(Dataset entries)
══════════════════════════════
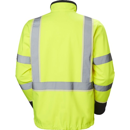 Jakke med høy synlighet i softshell-materiale med membran og vannavvisende behandling. YKK-glidelås foran med hakebeskyttelse. Børstet fleece på innsiden av kragen. Brystlomme og frontlommer med YKK-glidelås. Sløyfe for ID-kort. Justerbare mansjetter. Justerbar nederkant med snøring på innsiden av håndlommen. Amann-tråder. VizLite DT-striper som lyser i svakt eller intet lys. Vaskes på 40°C.
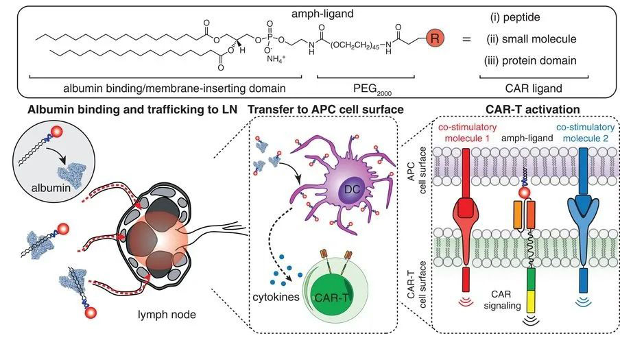 设计一种增强 CAR-T的两亲性配体疫苗:化学结构示意图(上)、作用机制(下)(来源:Science)
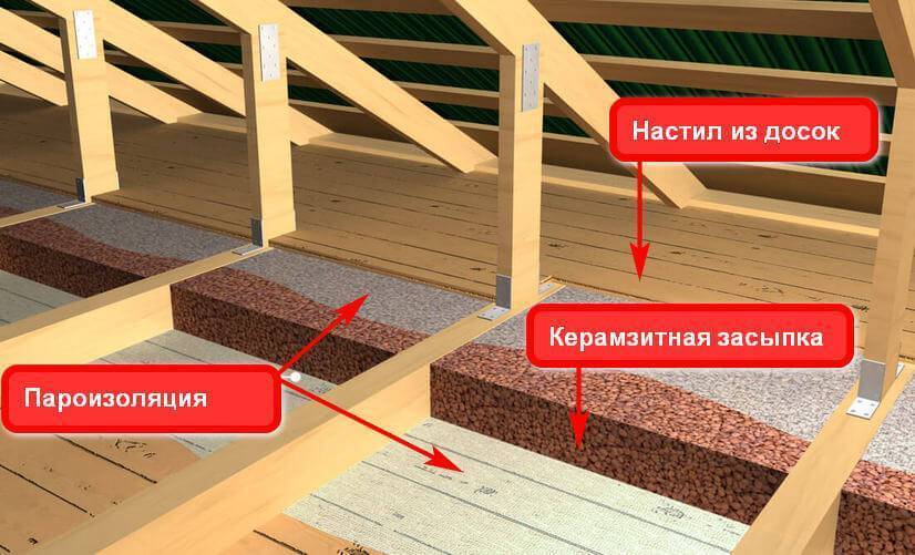 В доме с балочными перекрытиями между черновым и чистовым полом, или потолком и полом второго этажа есть пространство. Высота буферной зоны равняется сечению несущих балок. Керамзит для утепления потолка или пола засыпается именно туда. Три компонента теплоизоляционного пирога:
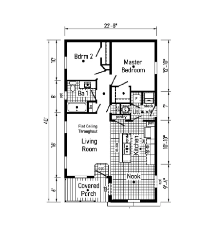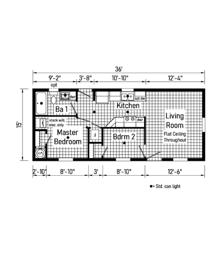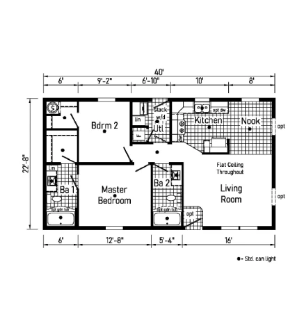 The Bungalow 12 24482A is a comfortable 1,022 sq. ft. double-wide home featuring a spacious 2-bedroom, 2-bathroom layout. Designed for modern living, it offers 8’ sidewalls, flat stipple ceilings, and premium Shaw flooring. The central kitchen is well-appointed with mission-style cabinetry, crown molding, and soft-close drawer guides. Built for lasting durability and energy savings, the home is constructed with 2x6 exterior walls and a robust transverse floor system, complemented by Low-E windows and high-quality fiberglass insulation.
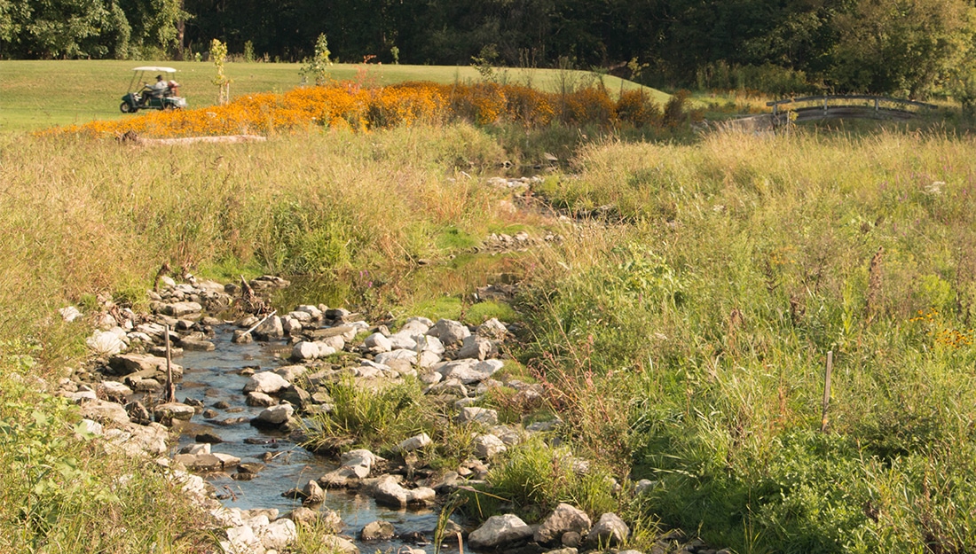The project was envisioned as the restoration of Mill Creek, a perennial tributary to the Cuyahoga River that runs through the golf course, and involved a 2,900-linear-foot footprint across two reaches of the property. NEORSD partnered with the City of Cleveland to acquire $1.35M in funding through the Ohio EPA’s Water Resource Restoration Sponsorship Program (WRRSP). GPD worked closely with all stakeholders from the very beginning, working in close collaboration through implementation. The successful design restored the stream channel to a natural meander and included connectivity to the floodplain; improved habitat, riffle complexes, wetland pools; stabilized bank; improved water quality; and enhanced golf play.
══════════════════════════════
> [Exercise instructions]: A faithful copy of all the records is required, with the pictures left out.

> [Written response]:
 Jakke med høy synlighet i softshell-materiale med membran og vannavvisende behandling. YKK-glidelås foran med hakebeskyttelse. Børstet fleece på innsiden av kragen. Brystlomme og frontlommer med YKK-glidelås. Sløyfe for ID-kort. Justerbare mansjetter. Justerbar nederkant med snøring på innsiden av håndlommen. Amann-tråder. VizLite DT-striper som lyser i svakt eller intet lys. Vaskes på 40°C.
 设计一种增强 CAR-T的两亲性配体疫苗:化学结构示意图(上)、作用机制(下)(来源:Science)
 В доме с балочными перекрытиями между черновым и чистовым полом, или потолком и полом второго этажа есть пространство. Высота буферной зоны равняется сечению несущих балок. Керамзит для утепления потолка или пола засыпается именно туда. Три компонента теплоизоляционного пирога:
 The Bungalow 12 24482A is a comfortable 1,022 sq. ft. double-wide home featuring a spacious 2-bedroom, 2-bathroom layout. Designed for modern living, it offers 8’ sidewalls, flat stipple ceilings, and premium Shaw flooring. The central kitchen is well-appointed with mission-style cabinetry, crown molding, and soft-close drawer guides. Built for lasting durability and energy savings, the home is constructed with 2x6 exterior walls and a robust transverse floor system, complemented by Low-E windows and high-quality fiberglass insulation.
The project was envisioned as the restoration of Mill Creek, a perennial tributary to the Cuyahoga River that runs through the golf course, and involved a 2,900-linear-foot footprint across two reaches of the property. NEORSD partnered with the City of Cleveland to acquire $1.35M in funding through the Ohio EPA’s Water Resource Restoration Sponsorship Program (WRRSP). GPD worked closely with all stakeholders from the very beginning, working in close collaboration through implementation. The successful design restored the stream channel to a natural meander and included connectivity to the floodplain; improved habitat, riffle complexes, wetland pools; stabilized bank; improved water quality; and enhanced golf play.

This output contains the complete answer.